When you buy unlocked directly from Samsung, you don't get any of that. We wish we weren't all subjected to this time after time, but the carriers continue to leverage their market dominance by adding in all of these apps, and the only way to avoid them is skipping their sales channel altogether.
Not locked to any carrier
We all just want to be free. Free from being forced into using one carrier. And when you buy a phone directly from a carrier, chances are for some period of time your phone will be locked to use on that carrier — especially if you're buying the phone on a financing plan.
While you may not go hopping from carrier to carrier every month, just knowing that you have the option is empowering. It can be a practical feature, too, if you travel internationally and want to use your phone with a local SIM card rather than pay your U.S. carrier for data roaming charges.
But all big networks are supported
Even though the unlocked Galaxy S8 and S8+ don't have any of the carrier software or apps pre-loaded on them, Samsung has still done the work to certify that they will work fully on Verizon, AT&T, Sprint and T-Mobile. That means you don't have to worry about compatibility when popping in your SIM, or switching between carriers in the future.
That also means you'll have options to try lower-cost prepaid carriers, too, since they almost all operate on AT&T and T-Mobile's networks.
Samsung and Best Buy offer financing, too
Carriers moved away from two-year contracts, but found a new way to lock us in: financing plans. Now, people are so often incentivized to buy from carriers just so they can pay off their phone over time. But when buying a Galaxy S8 or S8+ unlocked, you actually have the same sort of offering from Samsung and Best Buy.
Samsung offers 24-month zero-interest financing when buying from its website, while Best Buy offers the same terms using a My Best Buy credit card. Consider these options instead of just jumping at the carrier because you're afraid of that big hit of a full $725 or $825 price.
Reasons to be cautious
For all of the big upsides of buying unlocked, it isn't all roses. Here are some potential downsides you should be aware of.
When will the updates come?
Here's the big question any enthusiast looking at an unlocked Samsung phone has: will I get software updates? Last year's U.S. unlocked Galaxy S7 and S7 edge lagged way behind in software updates. And for all of the crap we give carriers for delaying software updates, some of the carrier models have actually been kept up to date — with most getting Android 7.0 Nougat well before the unlocked model.

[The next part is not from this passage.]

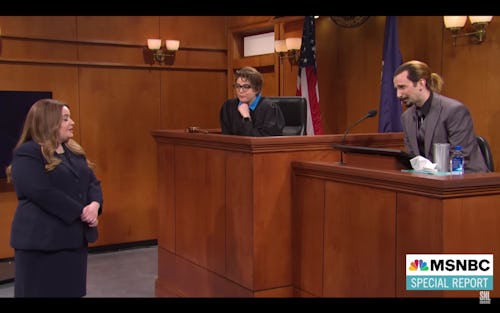 Kate McKinnon opens the sketch as a news anchor introducing the segment. She deadpans, “With all the problems in the world, isn't it nice to have a news story we can all collectively watch and say, ‘Glad it ain't me?’” In the sketch, video footage has been found related to the infamous incident when Heard allegedly defecated in Depp’s bed (she maintains the feces was actually from the dog). In the fake security footage, members of Depp’s house staff all slowly discover the feces, while the judge, played by Cecily Strong, gets a kick out of it in the courtroom. As Aidy Bryant, playing Depp’s lawyer, introduces the tape, Strong quips, “I’ll allow it, because it does sound fun — and this trial is for fun.”

Samsung says it can turn this around and get the U.S. unlocked Galaxy S8 and S8+ their updates on time — and hopefully before carrier models — but history isn't on its side in this regard.
Limited color options
For some, it's all about looks. While you may be okay with the black Galaxy S8 or Galaxy S8+, many are intrigued by the orchid grey or arctic silver colors — and those aren't available for the unlocked models (at least right now).
This is likely the case so that Samsung can limit its inventory of devices that aren't likely to sell that well, but with any luck we'll see the colors come later.
No carrier incentives
For as much as we dislike what carriers do to phones, they do still sometimes offer really good deals on phones. If you're looking to get a discount on service, a buy-one-get-one deal or maybe a gift card rebate of some kind, you're most likely to find that at a carrier rather than buying unlocked.
Some would say that getting a carrier-branded phone in the end isn't worth whatever discount you got, but for a lot of people money is the number one consideration for buying a phone — do your research and see what deals are available.